# Directions for this task
Retype the data exactly, from its first line to the line containing "Cán được làm", including both, and skip any picture.

# Saved entries
# # # # # # #

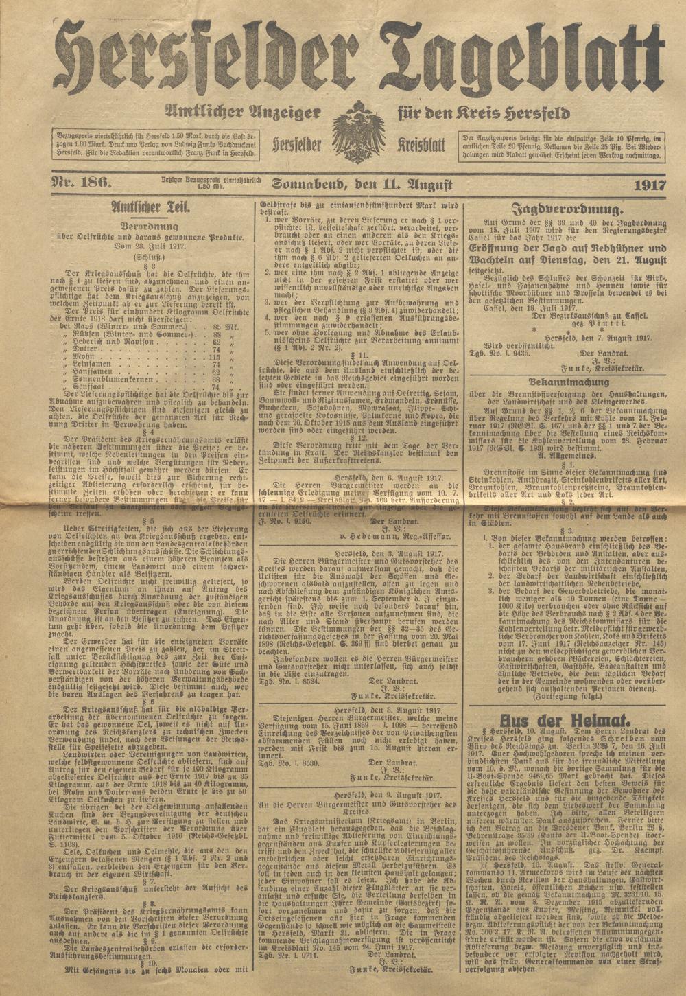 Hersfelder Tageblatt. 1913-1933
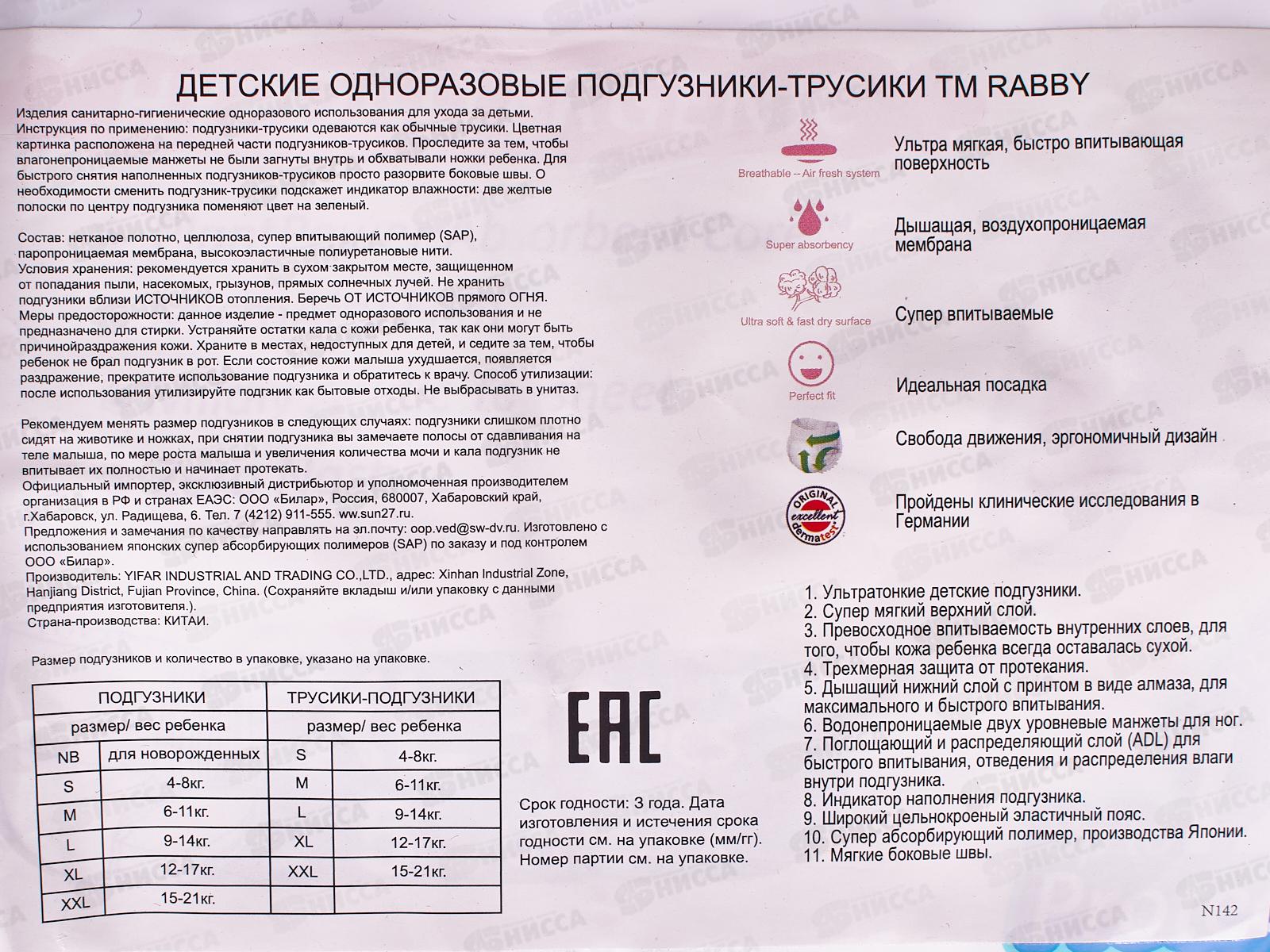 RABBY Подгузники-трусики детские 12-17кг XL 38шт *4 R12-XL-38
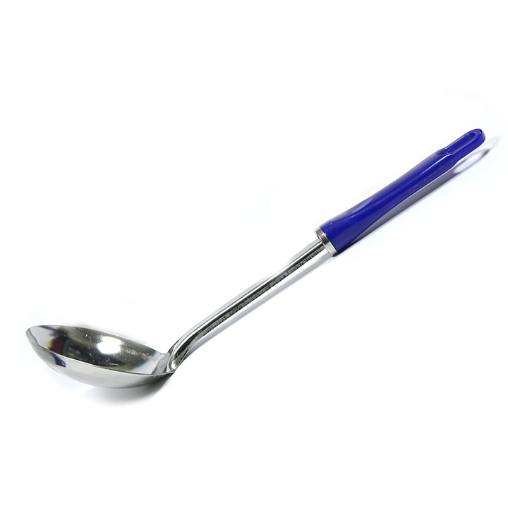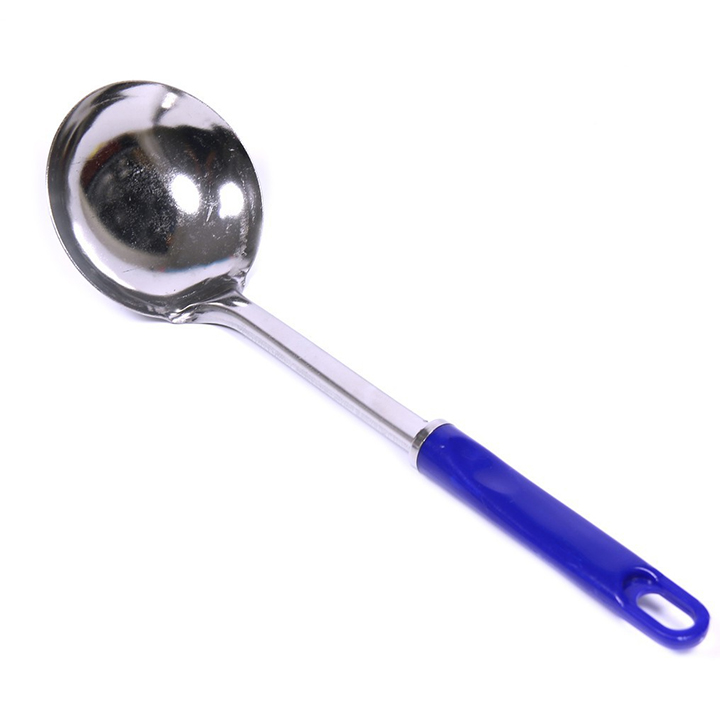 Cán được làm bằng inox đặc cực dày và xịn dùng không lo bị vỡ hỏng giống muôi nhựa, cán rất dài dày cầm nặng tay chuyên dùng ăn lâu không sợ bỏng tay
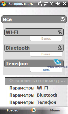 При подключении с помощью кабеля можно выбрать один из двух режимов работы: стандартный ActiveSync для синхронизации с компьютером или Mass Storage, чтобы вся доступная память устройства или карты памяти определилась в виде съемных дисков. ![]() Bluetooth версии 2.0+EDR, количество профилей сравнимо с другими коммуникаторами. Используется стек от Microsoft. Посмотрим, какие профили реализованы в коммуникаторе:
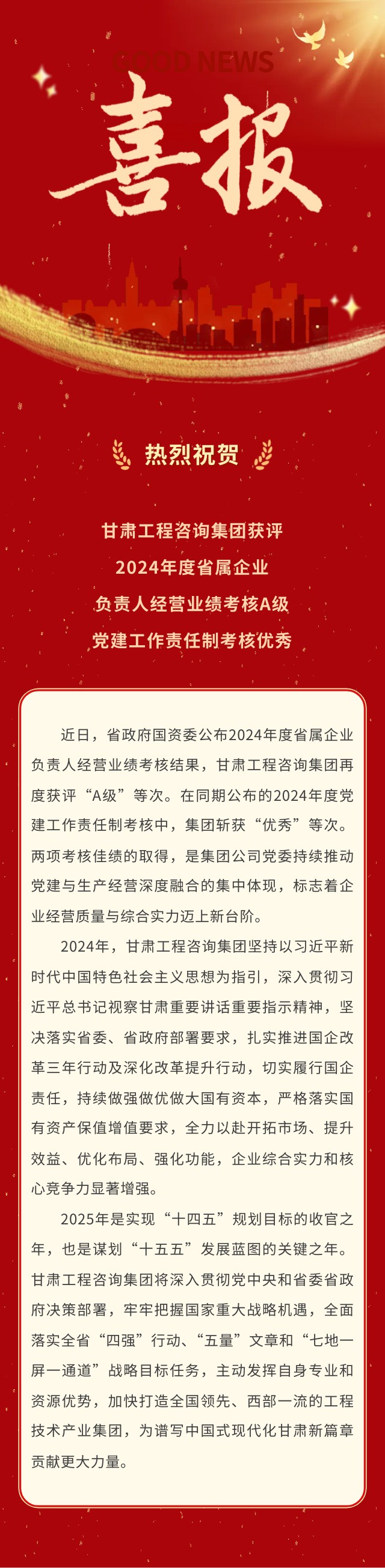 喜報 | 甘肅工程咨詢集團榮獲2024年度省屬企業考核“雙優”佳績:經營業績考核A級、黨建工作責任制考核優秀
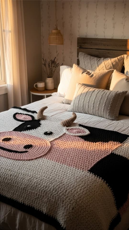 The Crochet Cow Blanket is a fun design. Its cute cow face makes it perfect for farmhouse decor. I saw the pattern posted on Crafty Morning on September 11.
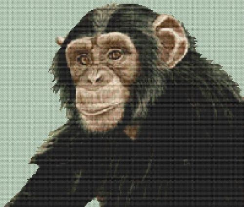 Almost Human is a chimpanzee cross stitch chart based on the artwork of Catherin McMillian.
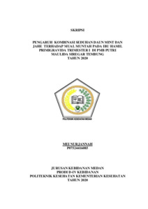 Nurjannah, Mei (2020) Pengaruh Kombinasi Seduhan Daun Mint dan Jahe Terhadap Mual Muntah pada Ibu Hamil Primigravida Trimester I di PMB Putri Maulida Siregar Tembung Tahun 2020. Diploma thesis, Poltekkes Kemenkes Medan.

# # # # # # #

# Task output
 Hersfelder Tageblatt. 1913-1933
 RABBY Подгузники-трусики детские 12-17кг XL 38шт *4 R12-XL-38
 Cán được làm bằng inox đặc cực dày và xịn dùng không lo bị vỡ hỏng giống muôi nhựa, cán rất dài dày cầm nặng tay chuyên dùng ăn lâu không sợ bỏng tay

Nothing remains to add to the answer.